Beane believes that underwriting is the perfect place to apply generative AI because it’s a data-heavy process that requires unbiased decision-making. She opined that generative AI can help streamline processes, analyze large amounts of data, and recommend the best-fit risks for the business,adding that it also helps reduce bias in decision-making and improve personalized communications, cross-selling, and upselling opportunities.Beane thinks that underwriting is where this technology can have the biggest impact.
Blake Hill, vice president of North America Sales at dacadoo, believes that generative AI can be integrated into global underwriting programmes to reduce human error, streamline the process, and improve accuracy.
Hill said that this technology could be used to summarize lengthy documents, compare information from different providers, and extract data from documents, all of which would reduce the workload for human underwriters. He also suggested that generative AI could be used to write feedback for advisors and customers regarding the underwriting process.
According to Eileen Potter, vice president of insurance marketing at Smart Communications, the companies that take advantage of the benefits of generative AI will gain a competitive edge. Potter believes that this technology can help insurers analyse large amounts of data quickly and extract insights that humans might not see, leading to more informed underwriting decisions and improved risk strategies. He noted further that generative AI can also automate some of the underwriting process, allowing human underwriters to focus on more complex cases. In short, Potter believes that the future of underwriting will be heavily impacted by the power of AI.
However, some potential drawbacks of using generative AI in insurance include a lack of transparency and potential bias in the algorithms. Because the algorithms are complex and the inner workings are difficult to understand, it can be challenging to ensure that they are operating fairly and accurately. There is also a risk that the algorithms could be trained on biased historical data, leading to unfair treatment of certain groups of people. Finally, there is the potential for job loss for humans who currently perform tasks that could be automated by AI.
Beane believes that while generative AI has the potential to transform the insurance industry, some insurers may be reluctant to adopt it due to concerns about data privacy, job loss, and regulatory compliance. However, she stresses that insurers should not be put off by these challenges, and should start with small projects that have clear goals and outcomes. Additionally, Beane emphasizes the importance of change management practices, communication, and staff training in order to ensure the successful implementation of AI solutions. Without these elements, staff resistance can be a major barrier to adoption.
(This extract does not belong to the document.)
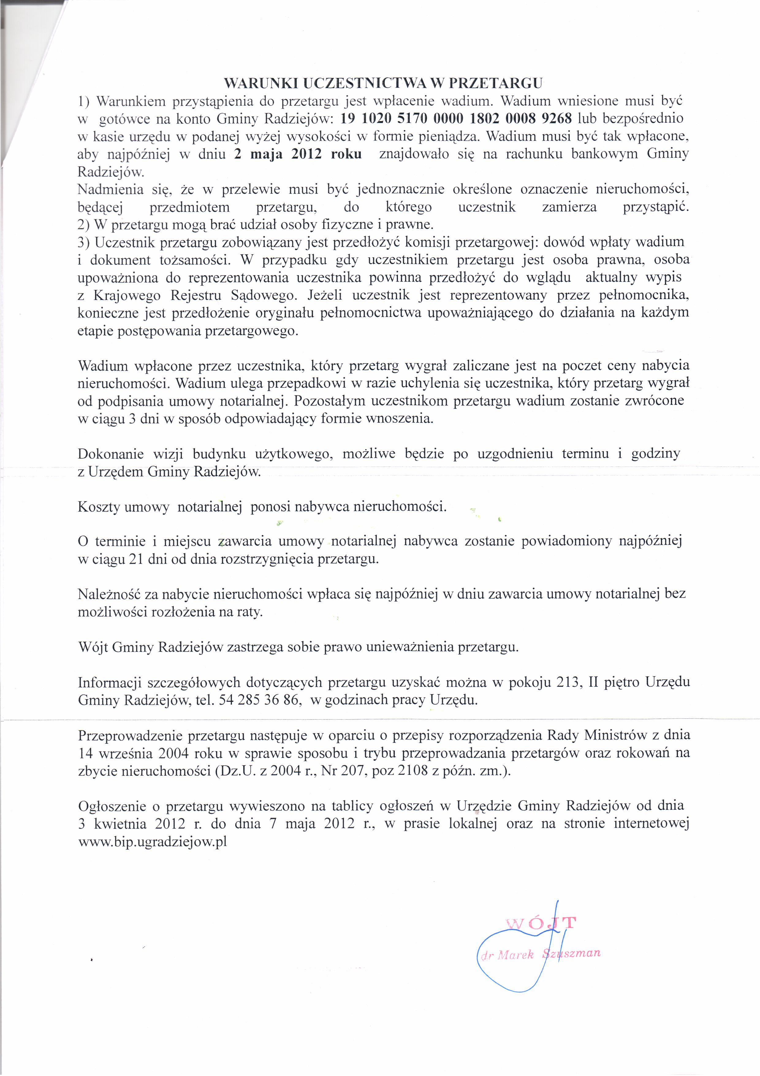 Og艂oszenie o przetargu ustnym nieograniczonym na sprzeda偶 nieruchomo艣ci gruntowej zabudowanej stanowi膮cej w艂asno艣膰 Gminy Radziej贸w po艂o偶onej przy ul. Brzeskiej 11 w Radziejowie oznaczonej w ewidencji grunt贸w jako dzia艂ka Nr 70/1, o pow. 0,0529 ha, ujawnionej w ksi臋dze wieczystej KW WL1R/00008324/4.
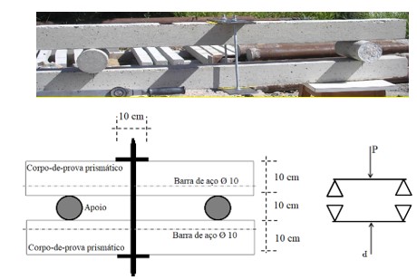 Foi definida a forma de carregamento dos corpos-de-prova prismáticos, que teriam as seguintes situações:

Beane suggests that insurers should use generative AI in a hybrid approach where AI serves as an intelligent assistant rather than replacing human workers. She believes that the most successful AI implementations are not just applied to existing processes, but rather aim to improve processes while still incorporating human involvement. This approach can help ensure that critical human checkpoints are not overlooked, while also eliminating any unnecessary steps in the process.